**Problem to work on**
The answer is the data repeated in full, with no pictures included.

━━━━━ Exercise materials

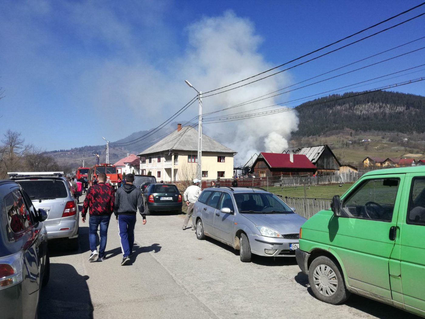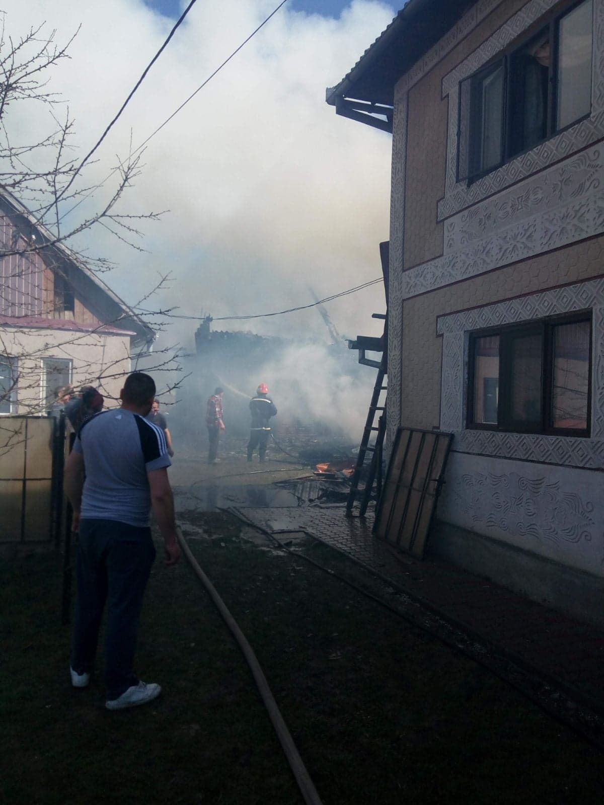 Două familii ce locuiesc într-un duplex, în Lunca Ilvei, trec acum prin momente grele. Aceștia urmăresc cum pompierii se luptă să stingă flăcările ce au cuprins două anexe din gospodăria lor.
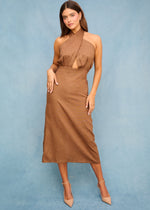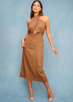 Expertly crafted from durable and breathable linen, this stunning red halter dress features a convenient back zipper and stylish open back design. Perfect for any occasion, this dress combines comfort and fashion for a versatile...
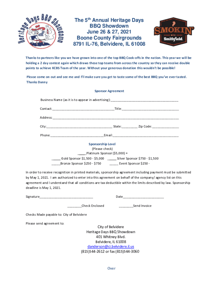 The 5th Annual Heritage Days BBQ Showdown June 26 & 27, 2021 Boone County Fairgrounds 8791 IL76, Belvedere, IL 61008 Thanks to partners like you, we have grown into one of the top BBQ Cook offs in
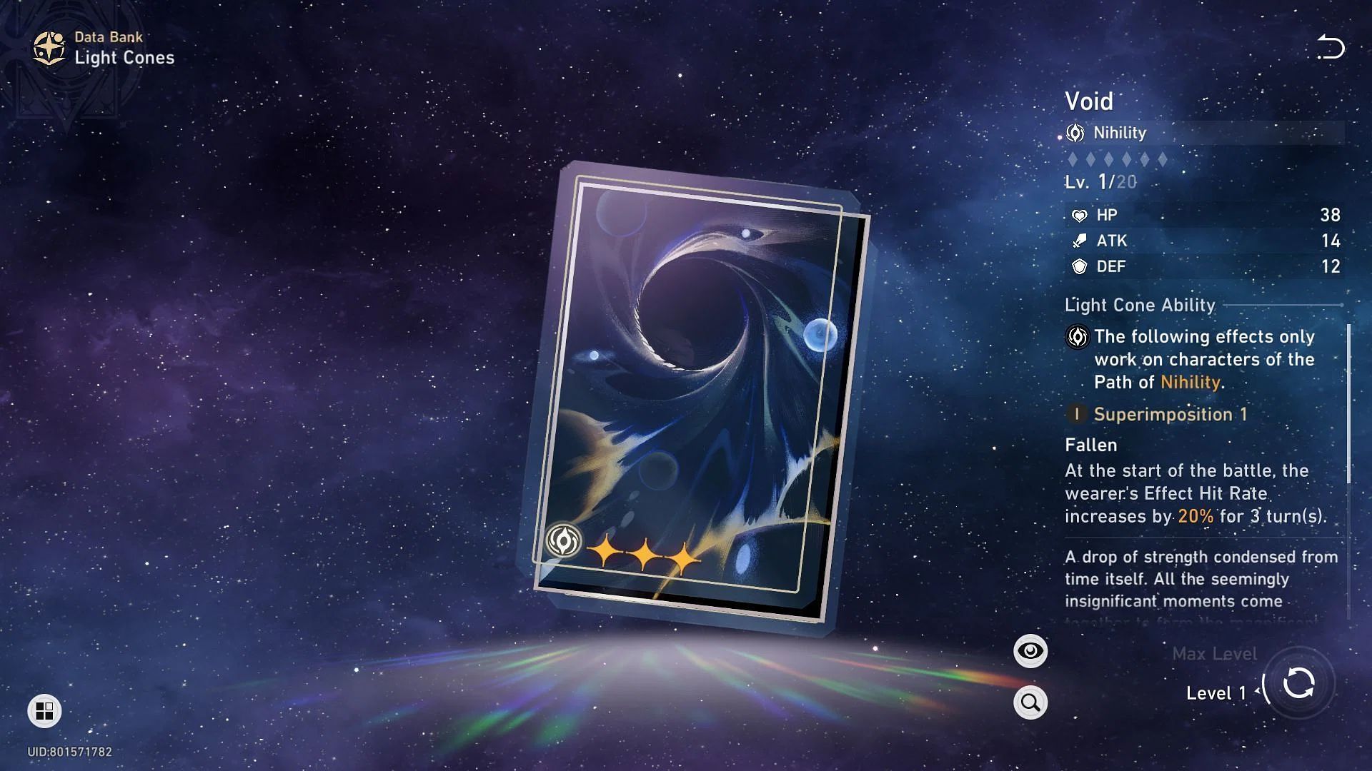 «Пустота» — отличный световой конус для новичков, не имеющих иных вариантов экипировки. Несмотря на низкую редкость, оружие обеспечивает Цзяоцю прибавку к шансу попадания эффектов. «Карточка» подходит для быстрых боёв с минимальным количеством врагов. Однако в дальнейшем стоит заменить конус на более релевантный.
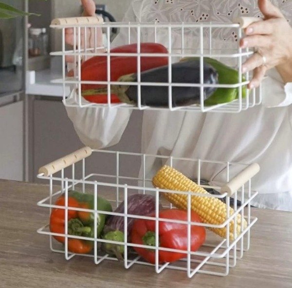 Canasta en metal blanca con agarres laterales en madera.
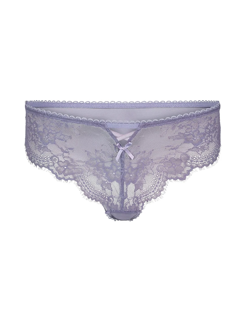 The Milena Cheeky Dark Purple lace cheeky is a bold-fashion standout, designed for comfort. It features a pull-on design, Mesh liner, Comfort elastic, regular rise, and lightweight fabric. (Available in sizes XS-XL.)

━━━━━━━━━━

**Answer below**
 Două familii ce locuiesc într-un duplex, în Lunca Ilvei, trec acum prin momente grele. Aceștia urmăresc cum pompierii se luptă să stingă flăcările ce au cuprins două anexe din gospodăria lor.
 Expertly crafted from durable and breathable linen, this stunning red halter dress features a convenient back zipper and stylish open back design. Perfect for any occasion, this dress combines comfort and fashion for a versatile...
 The 5th Annual Heritage Days BBQ Showdown June 26 & 27, 2021 Boone County Fairgrounds 8791 IL76, Belvedere, IL 61008 Thanks to partners like you, we have grown into one of the top BBQ Cook offs in
 «Пустота» — отличный световой конус для новичков, не имеющих иных вариантов экипировки. Несмотря на низкую редкость, оружие обеспечивает Цзяоцю прибавку к шансу попадания эффектов. «Карточка» подходит для быстрых боёв с минимальным количеством врагов. Однако в дальнейшем стоит заменить конус на более релевантный.
 Canasta en metal blanca con agarres laterales en madera.
 The Milena Cheeky Dark Purple lace cheeky is a bold-fashion standout, designed for comfort. It features a pull-on design, Mesh liner, Comfort elastic, regular rise, and lightweight fabric. (Available in sizes XS-XL.)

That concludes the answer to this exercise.